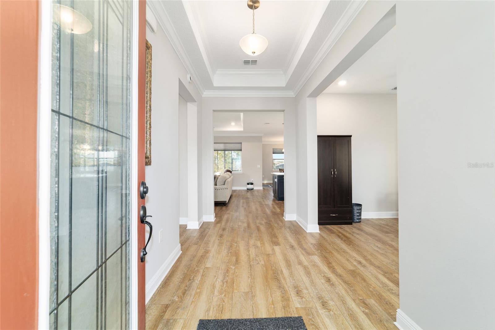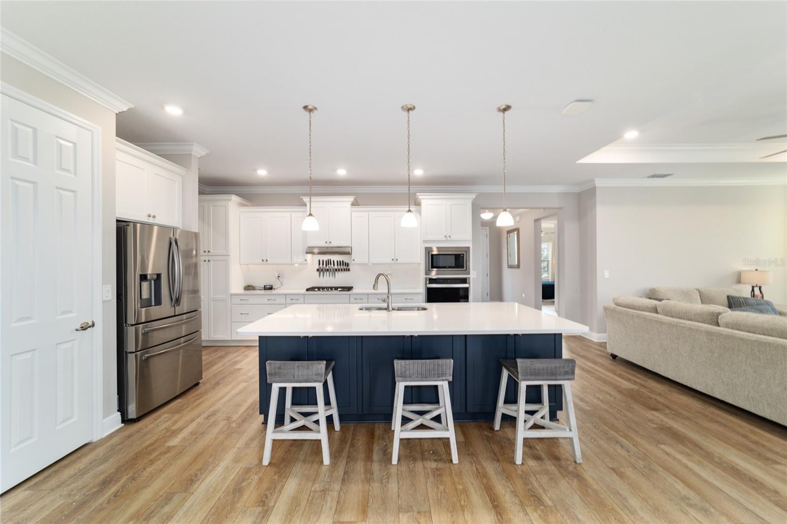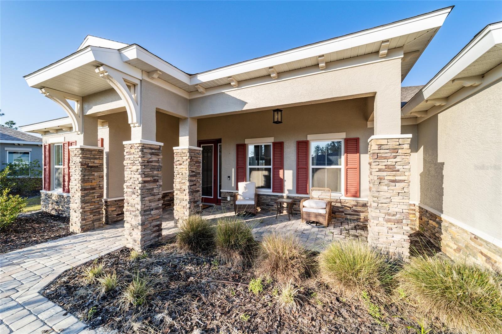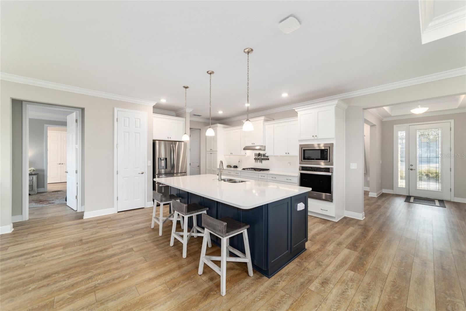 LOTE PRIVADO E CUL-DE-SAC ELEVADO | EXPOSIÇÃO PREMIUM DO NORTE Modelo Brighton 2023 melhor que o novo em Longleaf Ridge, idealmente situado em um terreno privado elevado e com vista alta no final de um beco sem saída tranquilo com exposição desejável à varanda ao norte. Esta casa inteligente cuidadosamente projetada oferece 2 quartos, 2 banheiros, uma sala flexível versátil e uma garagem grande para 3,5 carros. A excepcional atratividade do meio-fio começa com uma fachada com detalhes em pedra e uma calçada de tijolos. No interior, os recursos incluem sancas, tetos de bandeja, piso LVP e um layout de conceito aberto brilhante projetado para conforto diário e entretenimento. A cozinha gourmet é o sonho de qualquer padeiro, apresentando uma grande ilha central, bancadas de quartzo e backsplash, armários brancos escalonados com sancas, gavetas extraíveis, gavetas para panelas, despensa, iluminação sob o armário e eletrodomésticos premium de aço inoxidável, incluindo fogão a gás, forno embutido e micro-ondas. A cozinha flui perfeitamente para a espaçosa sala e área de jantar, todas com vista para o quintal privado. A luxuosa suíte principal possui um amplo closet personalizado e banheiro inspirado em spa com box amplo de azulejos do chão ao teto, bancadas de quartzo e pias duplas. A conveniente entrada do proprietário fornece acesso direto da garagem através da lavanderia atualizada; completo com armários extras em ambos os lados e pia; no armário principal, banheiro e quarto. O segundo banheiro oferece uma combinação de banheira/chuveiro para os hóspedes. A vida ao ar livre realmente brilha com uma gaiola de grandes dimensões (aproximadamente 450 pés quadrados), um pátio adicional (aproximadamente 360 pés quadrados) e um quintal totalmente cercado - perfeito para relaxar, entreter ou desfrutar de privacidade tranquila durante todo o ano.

----------

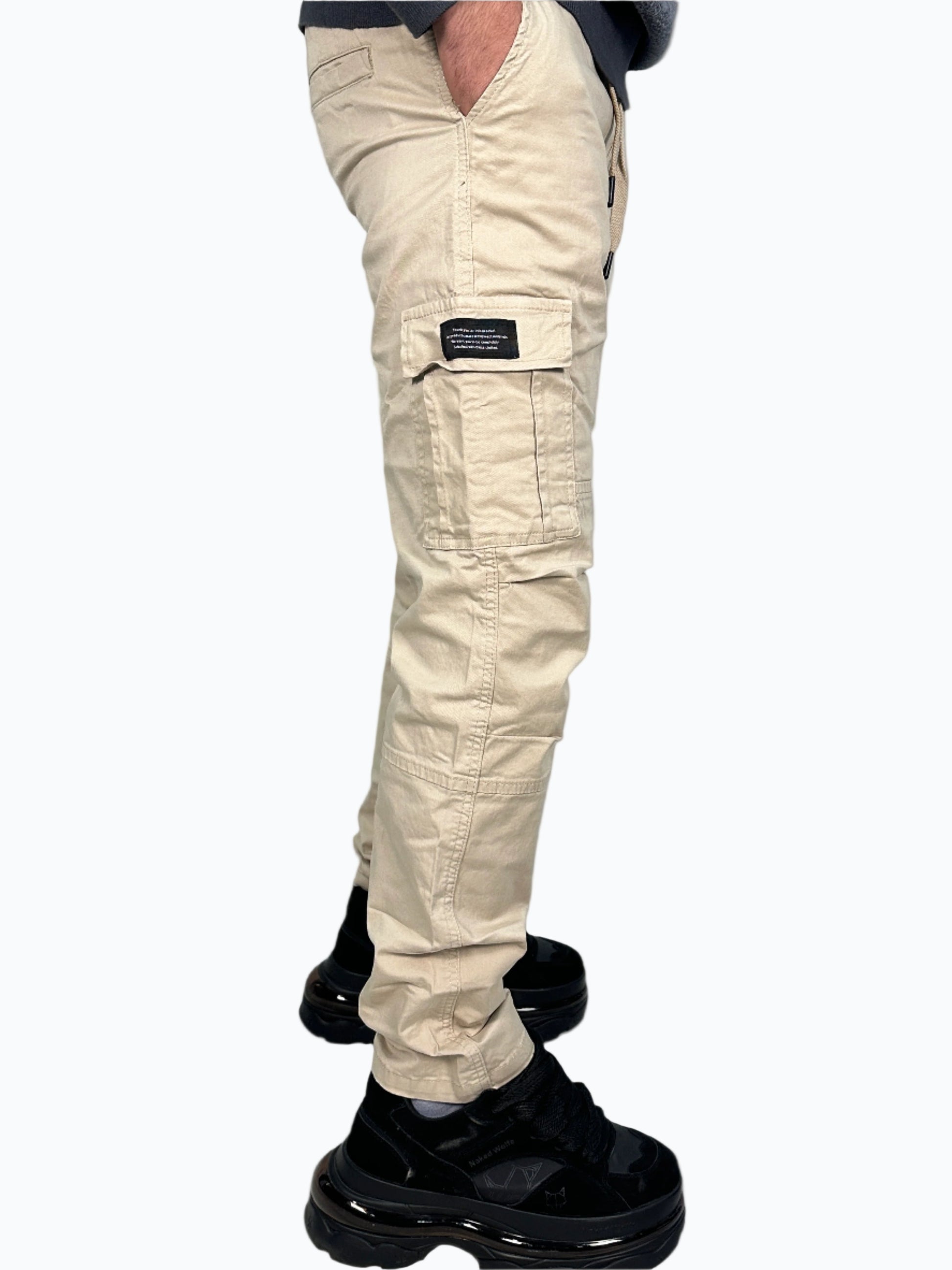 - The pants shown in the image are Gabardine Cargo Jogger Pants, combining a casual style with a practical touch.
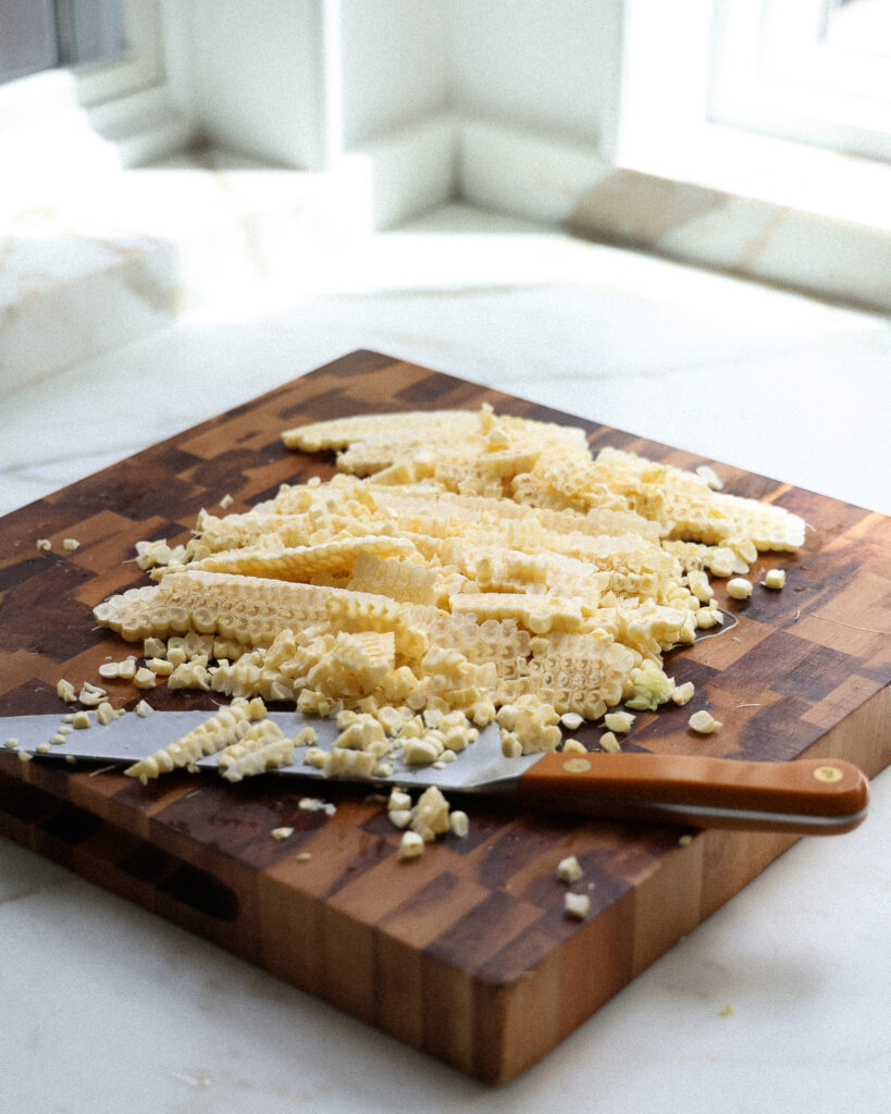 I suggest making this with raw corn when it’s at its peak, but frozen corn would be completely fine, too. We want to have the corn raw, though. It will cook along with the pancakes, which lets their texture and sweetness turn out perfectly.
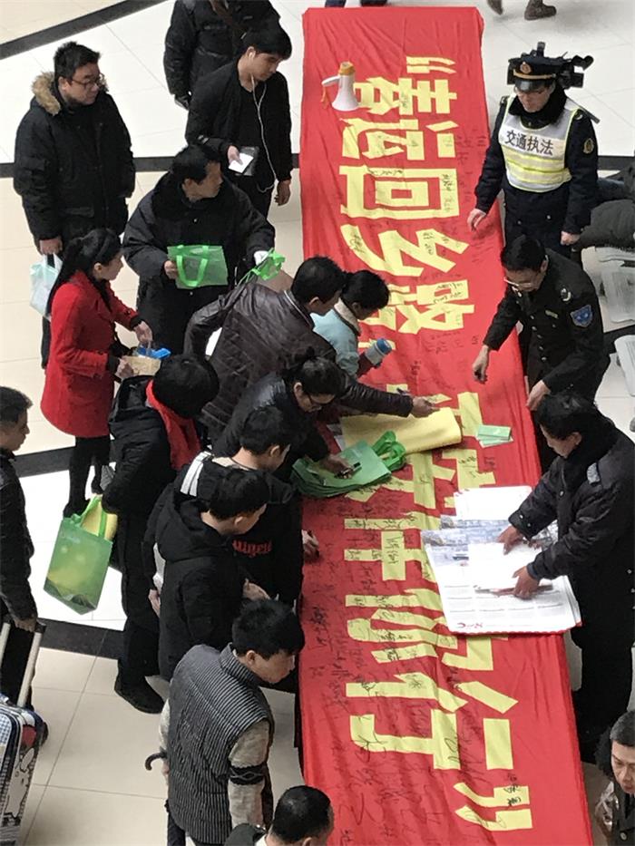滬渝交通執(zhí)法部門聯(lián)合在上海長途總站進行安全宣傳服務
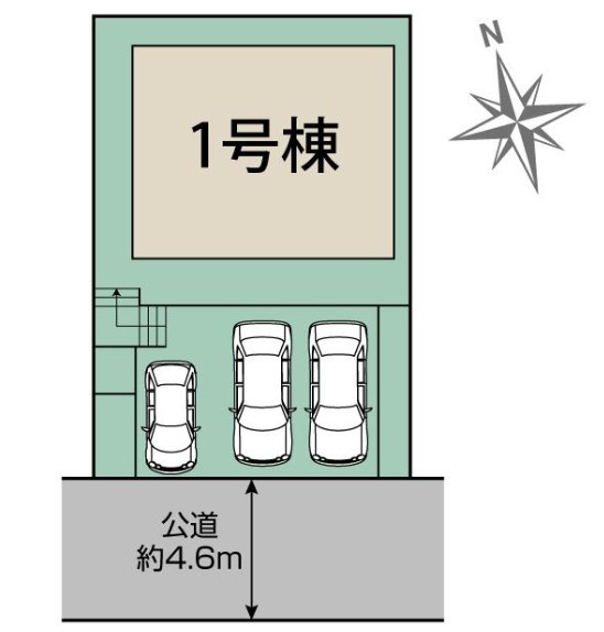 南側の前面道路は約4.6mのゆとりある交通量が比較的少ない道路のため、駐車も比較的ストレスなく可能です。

----------

→ Try it
In the data above, retype only the stretch from the line with "- The pants" through the line with "南側の前面道路は約4.6mの", word for word, and skip any pictures.

→ Output of the task
 - The pants shown in the image are Gabardine Cargo Jogger Pants, combining a casual style with a practical touch.
 I suggest making this with raw corn when it’s at its peak, but frozen corn would be completely fine, too. We want to have the corn raw, though. It will cook along with the pancakes, which lets their texture and sweetness turn out perfectly.
滬渝交通執(zhí)法部門聯(lián)合在上海長途總站進行安全宣傳服務
 南側の前面道路は約4.6mのゆとりある交通量が比較的少ない道路のため、駐車も比較的ストレスなく可能です。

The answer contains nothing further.